The CSTS followed the format of the Russian Soyuz craft by having a separate descent/ascent module and a detachable orbital module. The proposed descent module somewhat resembled the American Apollo spacecraft command module while the orbital module resembled a man-rated version of the ATV.

===Possibilities of missions beyond LEO===
Manuel Valls, head of Policy and Plans Department in the ESA's Directorate of Human Spaceflight, Microgravity, and Exploration Program noted in June 2006 on the question of available launch vehicles for the CSTS spacecraft that "although nothing at this stage is definitive, [...] both the Russians and we think that it is only prudent, and most efficient and effective, to go with two stages and not one. The one-stage has been done already with Saturn V and Apollo. To do that now would entail the development of quite a new launcher and that will take time and money like hell, if I may say. Going with two stages is far more effective [...] because we could use – and this is our intention – existing launch vehicles or launch vehicles with minimal development." This means that CSTS would have had a tight mass budget, as only launchers with a maximum payload capacity in the class of Ariane 5, Proton or Angara would be available for a launch. With two launches and low Earth Orbit (LEO) docking this meant that CSTS together with an Earth Departure Stage would not be able to weigh more than about 45 to 50 tonnes in LEO (note however that this is just for the lunar spacecraft, a lunar lander is not integrated in this calculation).

An ESA presentation from 13 June 2006 described a lunar orbital mission of the CSTS spacecraft with three launches, of which two were propulsion modules to propel the spacecraft to a trans-lunar trajectory. Such a scenario, while more complicated than the two-stage approach mentioned by Manuel Valls, would have given more leeway in terms of the CSTS' mass budget.

EADS Astrium Space Transportation concepts for adapting the Ariane 5 ECB for lunar exploration could increase Ariane 5 LEO performance to 27 tonnes. These performance adaptions would have entailed the use of a composite solid rocket casing, and upgrades to the Vulcain Mk III and Vinci (ECSB) engines.

===Proposed launch sites===
Both the ESA's site at French Guiana and the planned Russian spaceport at Vostochny were considered as launch sites for the CSTS spacecraft. It had not been decided what launcher would carry the spacecraft to orbit, however Manuel Valls indicated that beside a Russian rocket, Ariane 5 could possibly also function as the carrier rocket.

==Competition within Europe==
At about the same time as the FKA and the ESA announced their plans for the CSTS spacecraft, the German space agency, DLR, together with EADS Astrium announced their support for the ATV evolution proposal. This proposal envisioned the development of a modified ATV with a reentry capsule that would be return cargo from the ISS by 2013 and in a second phase a crewed vehicle based on this modified ATV by 2017. Those dates were later revised to 2015 and 2020 respectively.
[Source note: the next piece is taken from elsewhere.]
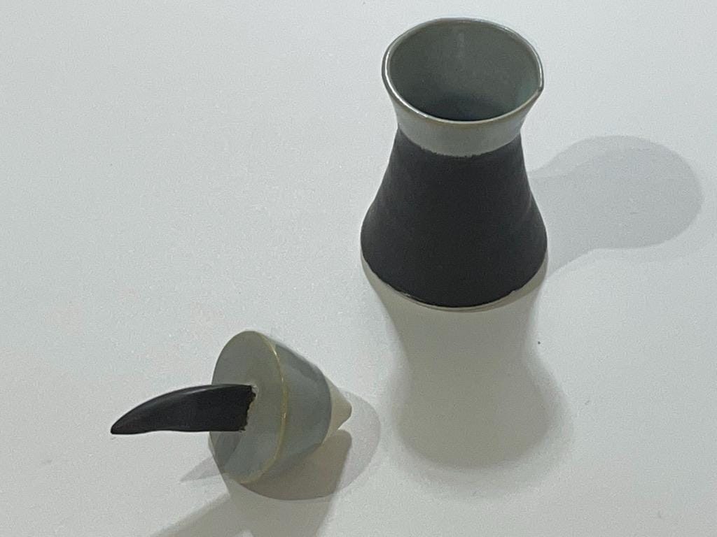 The container features a dramatic two-tone design: a strong, matte dark brown/chocolate glaze on the stable, conical body is contrasted by a smooth, light cool gray/celadon glaze coating the neck and interior.

This proposal was presented to the ESA's governing body at its meeting in November 2008 and received funding for an initial development phase of a cargo return vehicle that may be ready by 2017. The ATV Evolution concept may have contributed to the end of the CSTS project. However, before the decision to shut down the CSTS project was made, the head of the ESA denied that the proposed evolution version of the ATV was an alternative to the CSTS, and that there were ongoing talks as to whether to continue funding the CSTS project.

==Later developments==
In 2009, the FKA had decided to keep the general design of the CSTS spacecraft for its new crewed spacecraft, which eventually developed into the Prospective Piloted Transport System (PPTS) project. At the start of the new decade, Russian plans for the development of the PPTS became gradually postponed. The PPTS eventually was developed into the Orel spacecraft.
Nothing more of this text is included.